SLA: High Availability timeouts explained
This page provides information on the various arguments used to identify and handle connectivity issues for highly available VMs, both in previous and current oVirt versions.
There are several parameters that control monitoring and reaction behavior for highly available VMs (vdsConnectionTimeout and vdsRetries have been added in 3.2);
VDSAttemptsToResetCount controls how many consecutive VDSM operations have to fail to consider a host a candidate for fencing. Default value is 2.
TimeoutToResetVdsInSeconds controls how long a host has to be failing (VDSM operations failing continuously) to consider it a candidate for fencing. Default values is 60s.
Both above parameters have to be evaluated as true to actually initiate fencing of a host, ie- both exceeded.
vdsTimeout controls how long the engine waits for a VDSM operation to complete, its default value is 180s (3 minutes). This value shouldn't be changed, as some VDSM operations require that time to complete.
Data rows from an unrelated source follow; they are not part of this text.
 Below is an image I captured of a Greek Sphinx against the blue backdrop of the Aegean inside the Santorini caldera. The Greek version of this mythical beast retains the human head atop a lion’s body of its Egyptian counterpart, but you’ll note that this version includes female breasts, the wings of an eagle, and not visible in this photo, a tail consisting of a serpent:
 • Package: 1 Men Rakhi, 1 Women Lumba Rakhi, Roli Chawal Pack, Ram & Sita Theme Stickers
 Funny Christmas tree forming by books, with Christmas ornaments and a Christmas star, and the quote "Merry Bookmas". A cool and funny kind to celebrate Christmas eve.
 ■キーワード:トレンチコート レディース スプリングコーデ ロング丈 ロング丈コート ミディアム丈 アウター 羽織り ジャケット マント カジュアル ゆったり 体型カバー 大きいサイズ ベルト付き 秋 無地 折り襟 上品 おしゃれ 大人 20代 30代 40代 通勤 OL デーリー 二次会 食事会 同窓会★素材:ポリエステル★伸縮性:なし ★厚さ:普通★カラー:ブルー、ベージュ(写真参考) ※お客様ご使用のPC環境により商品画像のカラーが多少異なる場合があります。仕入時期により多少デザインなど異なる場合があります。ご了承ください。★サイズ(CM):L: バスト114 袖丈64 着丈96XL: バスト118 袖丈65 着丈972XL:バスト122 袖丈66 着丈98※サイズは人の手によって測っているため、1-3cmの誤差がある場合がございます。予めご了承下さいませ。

vdsConnectionTimeout controls how long the engine waits for a connection to VDSM to complete. Its default value is 180s (3 minutes). This value should be reduced, and in fact its default value has already been changed to 2s in 3.3. The default value was changed to 20s in 3.6.
vdsRetries controls how many times failed VDSM operations should be retried. Its default value is 3 in 3.2, while in 3.3 it was changed to 0.
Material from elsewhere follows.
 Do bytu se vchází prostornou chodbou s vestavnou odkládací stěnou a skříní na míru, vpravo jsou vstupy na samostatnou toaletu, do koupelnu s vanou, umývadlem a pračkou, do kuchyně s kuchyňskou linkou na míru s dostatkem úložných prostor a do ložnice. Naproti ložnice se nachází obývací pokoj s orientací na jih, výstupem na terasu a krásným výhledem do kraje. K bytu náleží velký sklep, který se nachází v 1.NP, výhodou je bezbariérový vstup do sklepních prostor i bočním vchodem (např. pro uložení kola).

With these default values a host that goes completely down and doesn't respond at all will take at least 6 minutes to be fenced: the reason is that any operation will take those 6 minutes because we retry them 3 times (vdsRetries), each time it takes approx 63s (vdsTimeout, the kernel cuts to 63s any value larger than that), and we need 2 consecutive failures to start fencing: 63sec * 3 * 2 ~ 6min.
For a more predictable fencing the following parameters need to be changed: # engine-config -s vdsConnectionTimeout=2 # engine-config -s vdsRetries=0
With these settings the host should be fenced approx 1 minute after it stops responding, and this happens because now the VDSAttemptsToResetCount and TimeoutToResetVdsInSeconds are really taken into account and not masked by the low level timeouts.